--- Try it ---
Give back exactly the line containing "H&M toddler girls" and all that follow it in the data below, with the pictures left out.

#### Available data

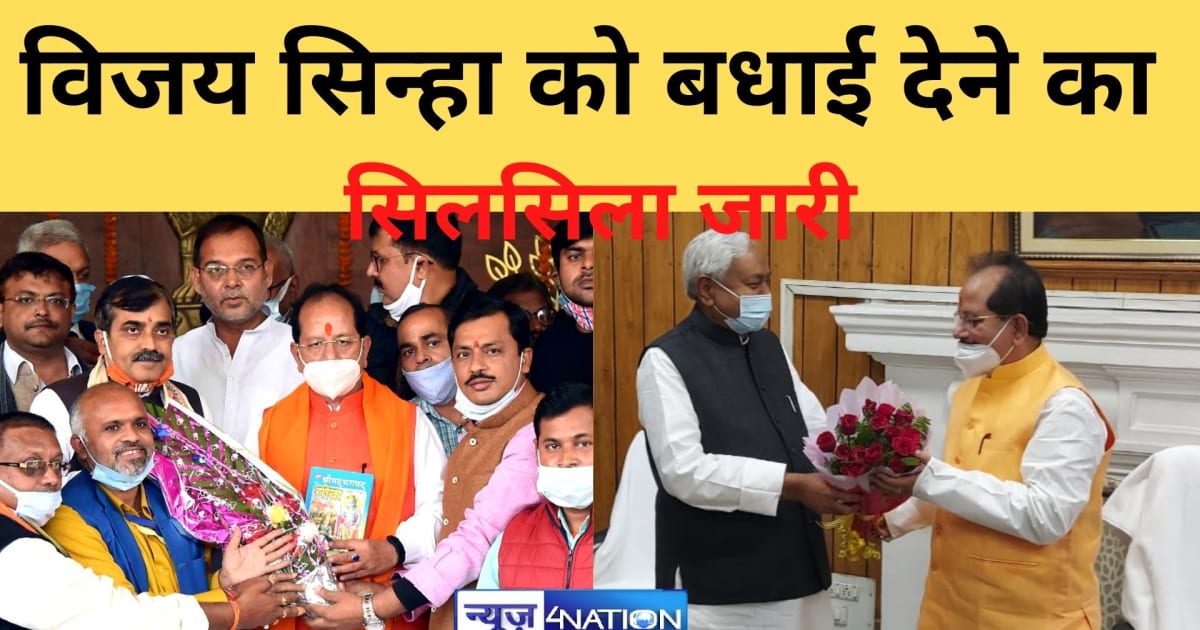 बिहार विस के नवनिर्वाचित अध्यक्ष विजय सिन्हा को बधाई देने का सिलसिला जारी, BJP मीडिया प्रभारी राजेश झा राजू ने किया सम्मानित
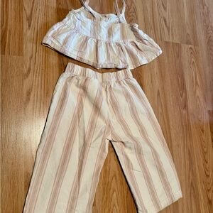 H&M toddler girls linen striped pink brown & beige matching set.
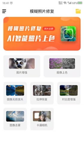 本软件是一款非常神奇的照片处理工具,可以帮助用户处理修复老照片,同时也有一些趣味玩法等待您的探索。功能众多,包含AI上色,图像增强,图像去雾,图像拉伸处理,拍照卡通脸等。
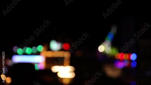 Pan shot of colorful defocused fairground lights at night

########

--- Problem solution ---
 H&M toddler girls linen striped pink brown & beige matching set.
 本软件是一款非常神奇的照片处理工具,可以帮助用户处理修复老照片,同时也有一些趣味玩法等待您的探索。功能众多,包含AI上色,图像增强,图像去雾,图像拉伸处理,拍照卡通脸等。
 Pan shot of colorful defocused fairground lights at night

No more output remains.